↓↓↓

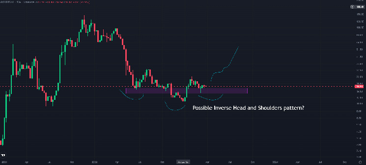 Auf dem Wochendiagramm ist eine Unterstützungszone zwischen 16,50 $ und 13,90 $ zu erkennen. Im Moment liegt der Kurs noch über dem Unterstützungsniveau vom Juni 2022. Die Grafik deutet außerdem darauf hin, dass sich in naher Zukunft eine inverse Schulter-Kopf-Schulter (SKS) Formation herausbilden könnte.
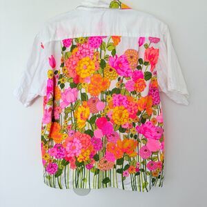 Step into vintage island style with this 70s Pomare Tahiti Hawaiian shirt, crafted from soft cotton with a bold floral print, short sleeves, and classic button front. White base with tiny lapel stain (see photo). A breezy retro staple perfect for beach days or summer hangs.
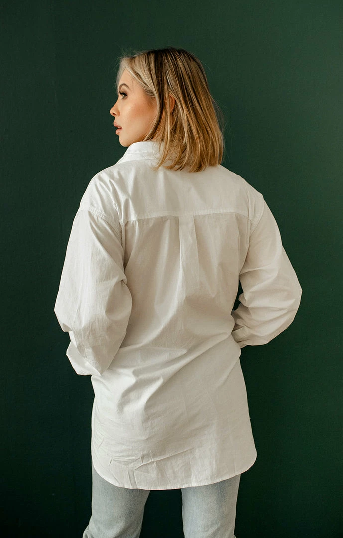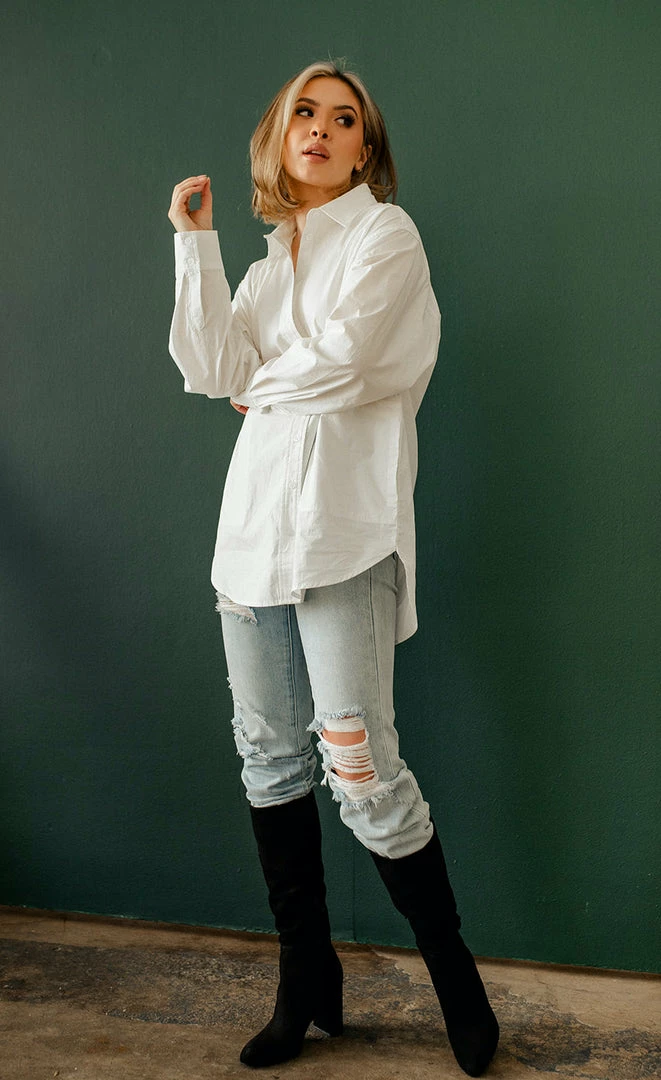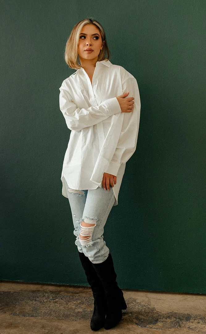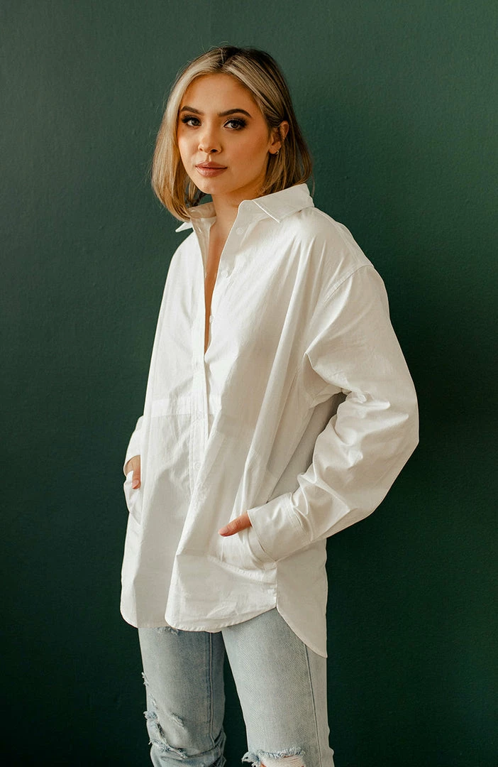 Deliver business casual vibes in our Crisp Cotton Button Down Shirt! This off white shirt is designed with a collar and a bust pocket. Front button closures finish this piece. We love how this top styles open or closed.

↑↑↑

The answer must be the whole listing, word for word, with no pictures in it. Please write it out.

Solution:
 Auf dem Wochendiagramm ist eine Unterstützungszone zwischen 16,50 $ und 13,90 $ zu erkennen. Im Moment liegt der Kurs noch über dem Unterstützungsniveau vom Juni 2022. Die Grafik deutet außerdem darauf hin, dass sich in naher Zukunft eine inverse Schulter-Kopf-Schulter (SKS) Formation herausbilden könnte.
 Step into vintage island style with this 70s Pomare Tahiti Hawaiian shirt, crafted from soft cotton with a bold floral print, short sleeves, and classic button front. White base with tiny lapel stain (see photo). A breezy retro staple perfect for beach days or summer hangs.
 Deliver business casual vibes in our Crisp Cotton Button Down Shirt! This off white shirt is designed with a collar and a bust pocket. Front button closures finish this piece. We love how this top styles open or closed.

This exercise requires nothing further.